The global COVID-19 crisis will require scientists and scholars who are educated and trained to take on the world’s most dangerous problems. The Biodefense program at the Schar School creates leaders in the field. Look for their stories on this page in coming days.
It took six years—eight, if you count the two to get the master’s degree—for Craig Wiener to receive his PhD in Biodefense from the Schar School.
Along the way he commuted thousands of miles from home to class, worked full time for the U.S. government, served as teaching assistant to one of the country’s foremost national security experts and got married to a George Mason University alumna.
“Mason’s given me my wife, my friends, my mentors, my education and fulfilling national security work,” he said. “I’m very grateful.”
After completing his undergraduate degree at New York University and landing a job in Washington, D.C., the Manhattan native was drawn to the Schar School because of the interdisciplinary offerings in his field. He had an affinity for science—his master’s degree is in biodefense from the Schar School (his thesis was on synthetic biology)—and for national security.
“Mason had the only program of its type in the world that offered a PhD in Biodefense that dealt with both the scientific aspects as well as the policy and nonproliferation and counter-proliferation aspects of CBRN.” CBRN is an acronym for chemical, biological, radiological and nuclear warfare.
Meanwhile, in addition to commuting from his then-home in Winchester, Va., to Mason’s Arlington Campus, and working full time at the Department of Energy’s National Nuclear Security Administration, Wiener was accepted as a nuclear scholar at the Center for Strategic and International Studies, “the number-one think tank for national security and defense in the world,” he said.
Wiener’s PhD dissertation, “Penetrate, Exploit, Disrupt, Destroy: The Rise of Computer Network Operations as a Major Military Innovation,” is “groundbreaking,” said Gregory Koblentz, director of Mason’s biodefense graduate program, and it has nothing to do with biodefense.
Wiener connected some rather complicated dots in determining the origins of computer network exploitation and computer network attacks in the U.S. intelligence community.
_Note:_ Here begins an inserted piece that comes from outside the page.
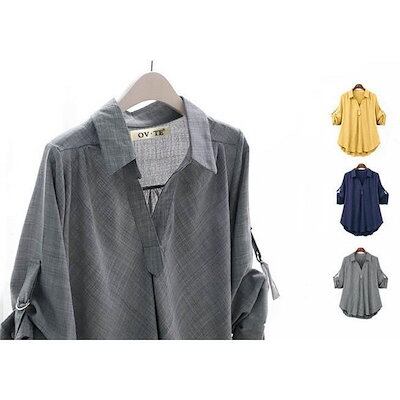 チュニック シャツブラウス Vネック ゆったり ボタン レディース トップス

“I’ve established that computer network operations are a major military innovation, and it was developed by the U.S. intelligence community…. It’s the first time the intelligence community has developed a weapon system,” said Wiener.
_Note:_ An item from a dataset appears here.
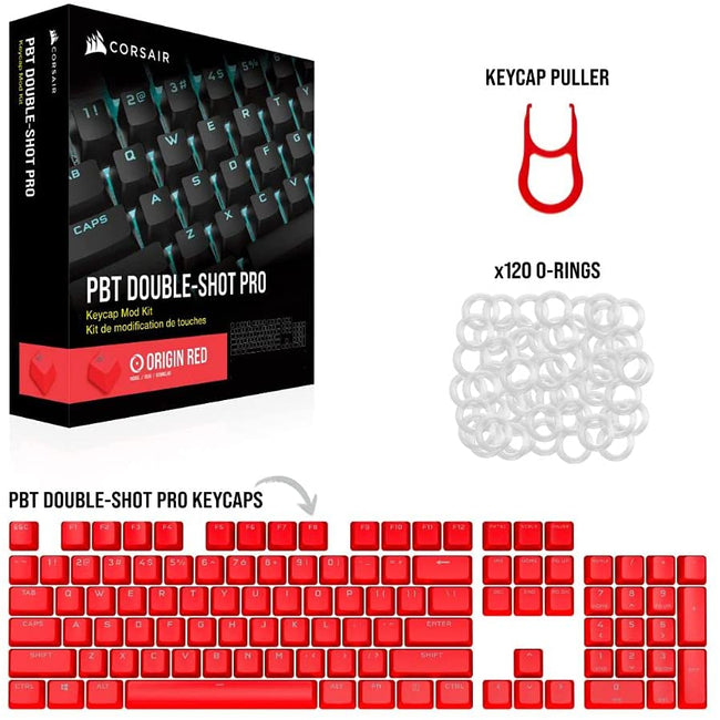Corsair Keycap PBT Double-Shot PRO Keycap Mod Kit – Double-Shot PBT Keycaps – Standard Bottom Row – Textured Surface - (Origin Red)

Koblentz said it’s usually the armed services that lead the way in military innovation, not the intelligence community. But Wiener’s use of newly declassified documents and new on-the-record interviews with NSA and CIA officials in his research was truly revolutionary, said Koblentz.
“The dissertation was a labor of love, and he had to fight an uphill battle within the bureaucracy to get access to the necessary materials to write it,” Koblentz added. “His persistence paid off. Craig’s dissertation will make a significant contribution to the history of cyber warfare and the academic literature on military innovation.”
In his off hours, such as they are, Wiener plays guitar, reads and spends time with his new wife, Rachel (Barnhill) Wiener, who graduated from the Schar School with a Master’s in Public Policy degree in 2014.
“She also came to Mason specifically for the nexus with intelligence professors,” Wiener said.